◆ **Task item**: Restate word for word the entries below, starting at the line with "久留米の老舗メーカーに別注をかけた、オリジナルの着物用割烹着です。" and ending at the line with "Also called Ovangkol". Keep both end lines and omit the pictures.

#### Given records

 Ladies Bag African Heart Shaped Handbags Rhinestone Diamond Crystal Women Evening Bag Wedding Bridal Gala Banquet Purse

########
#### Given records

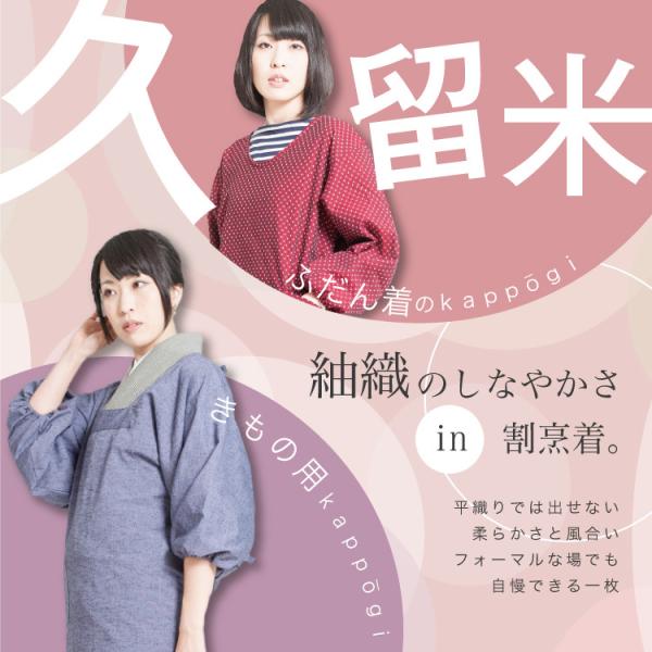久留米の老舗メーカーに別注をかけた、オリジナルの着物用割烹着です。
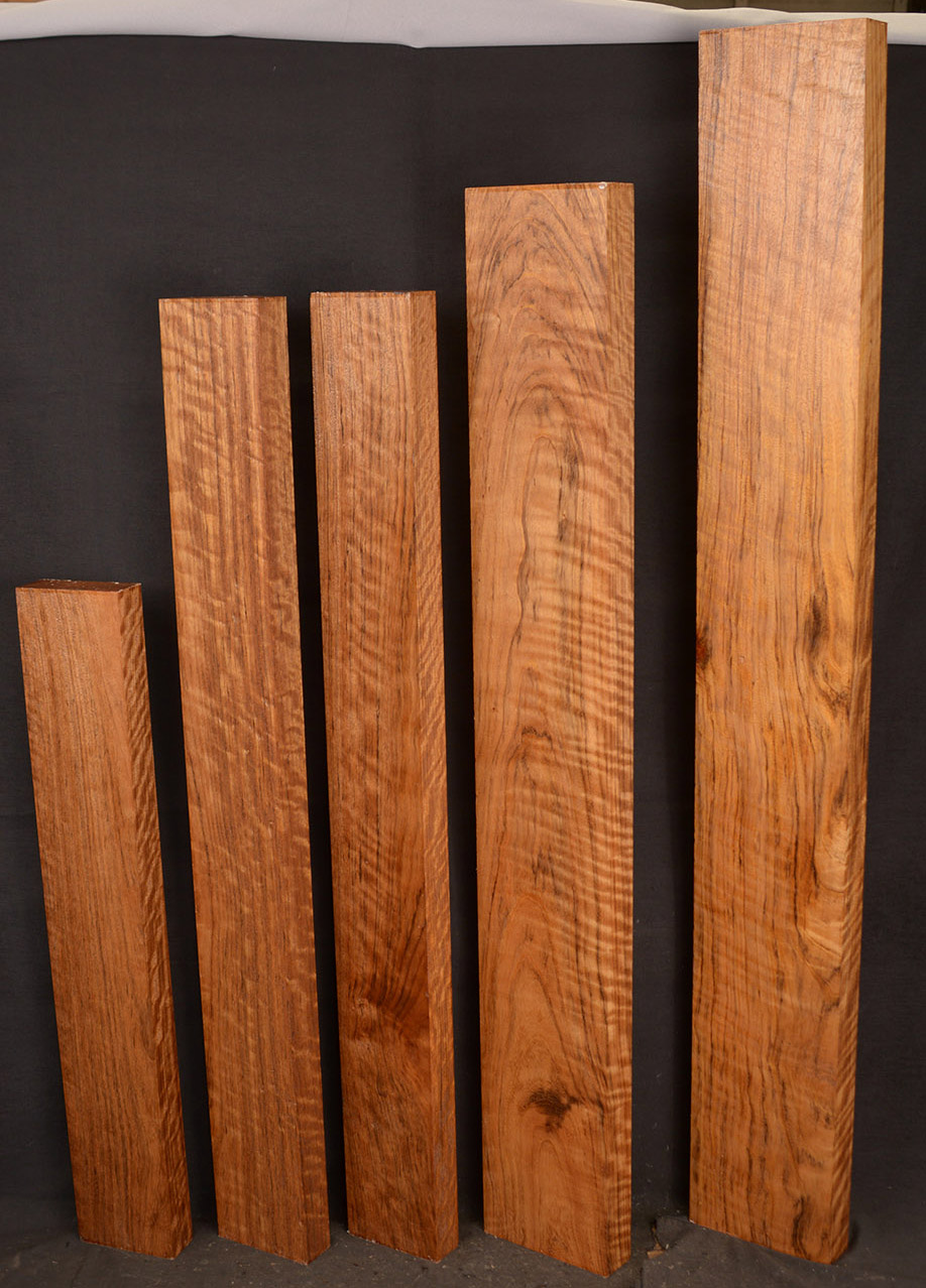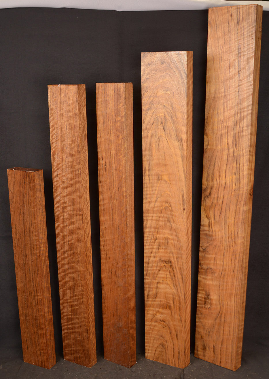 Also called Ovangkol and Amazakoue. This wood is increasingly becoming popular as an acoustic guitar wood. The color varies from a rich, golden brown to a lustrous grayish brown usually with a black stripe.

########

◆ **Output below**:
久留米の老舗メーカーに別注をかけた、オリジナルの着物用割烹着です。
 Also called Ovangkol and Amazakoue. This wood is increasingly becoming popular as an acoustic guitar wood. The color varies from a rich, golden brown to a lustrous grayish brown usually with a black stripe.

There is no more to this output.